Australian street photographer

Frank Plicka (11 June 1926 - 9 December 2010 in Sydney, Australia) was a Czech-born Australian photographer best known for his book Streets of Sydney, a tour of Sydney documented in black and white photographs taken over a period of 30 years. The images depict life in and around Sydney streets, pubs, bars, galleries and beaches.

==Biography==
Plicka was born in 1926 in the mining town of Kladno, former Czechoslovakia. His father was a miner who struggled to provide for his family.

After completing elementary school with high marks, he enrolled in an elite gymnasium in 1937. After World War II, he continued his studies at Charles University of Prague and graduated with a degree in education.
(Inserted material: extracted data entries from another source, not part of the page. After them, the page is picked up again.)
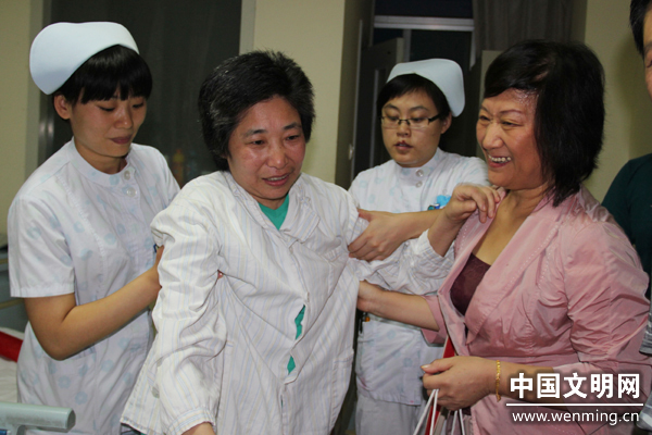 6月28日晚,王玉萍在医护人员搀扶下能站起来了!当日,本网记者、乔安山的孙女乔婷娇、中国学雷锋基金管委会代表、北京化工大学雷锋精神研究会师生代表等看望泰安好妈妈王玉萍。中国文明网张青玲摄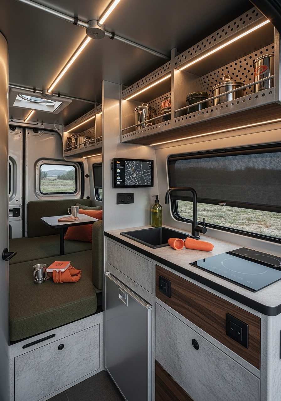 One of the key elements in a minimalist camper is smart storage. Built-in compartments, hidden drawers under benches, and multipurpose furniture allow everything to have its place without overwhelming the space. Think about fold-down tables, nesting stools, or sofas that double as beds. These not only keep the camper practical but also maintain the clean and clutter-free aesthetic that minimalism is known for.
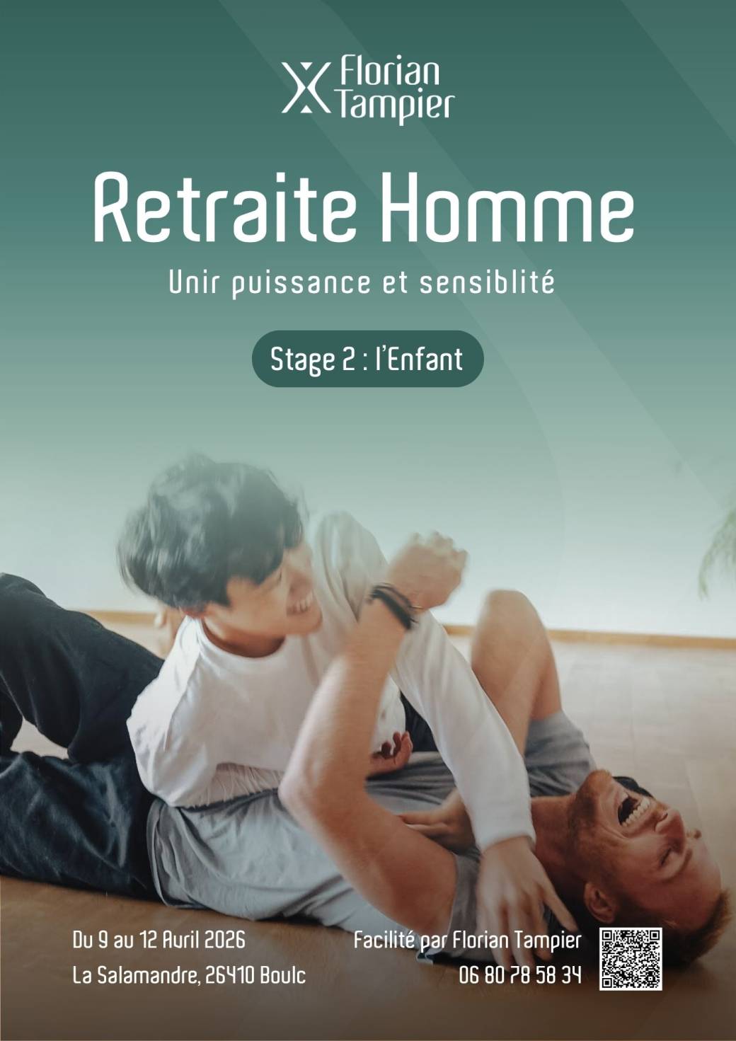 2026-04-09 14:00:00 2026-04-12 18:00:00 Europe/Paris Retraite homme : Stage 2. L'Enfant Reservations on : https://www.billetweb.fr/retraite-homme-stage-2-lenfant --                   HOMME — De la vulnérabilité à la puissance · Le Cycle de 3 retraites      ✨ Ce cycle s’adresse aux hommes qui veulent unir puissance et sensibilité pour se libérer des anciens schémas, reprendre leur place authentique et construire des relations plus profondes et bienveillantes.   site web ici pour une meilleure lisibilité : site internet       Bonjour à tous et à toutes, et bienvenue dans cet espace créé spécialement pour les hommes.   Ce cycle se veut une continuité, un espace ouvert afin d’explorer leurs différentes facettes et goûter une fraternité profonde pendant plusieurs jours et au‑delà.   Trouver de la sécurité, de l’ancrage, de la compréhension de nos fonctionnements et de nos émotions pour ensuite plonger dans la sensibilité, la vulnérabilité, l’accueil et le partage avec le groupe. Se réconcilier avec son humanité, pour ensuite se reconnecter à son âme, au plus grand.                 Le projet en un coup d’œil   Trois retraites complémentaires pour intég… LA salamandre, Pré Martal, Boulc, France Florian Tampier EI

Until 1968, he was involved in sports professionally, coaching top Czech swimmers. In 1967, he was awarded the title of Coach of the Year.

In 1968, after the Warsaw Pact invasion of Czechoslovakia, he fled to Australia. He settled in Sydney and became interested in street photography.

Besides Australia, he spent a year photographing in Africa (1970s) and three years in Asia (1980s). He held several exhibitions in Sydney and completed three books, although only his book on Sydney was published.

==Work==

Cover of Plicka's first and only published book, Streets of Sydney

From early age, Plicka was involved in sports and his desire to catch all moments led him to sports photography. As a sports photographer, he photographed in six European countries, including Russia.

His trademark is candid black-and-white photography. He has been using different cameras during 65 years of work, but since 1952, he has been using Leica cameras, mainly his favourite Leica M3. He uses 35 mm and 50 mm lenses for his work.

Plicka has been processing his photos on his own from his beginnings. He changed from darkroom to digital/computer processing in 2004.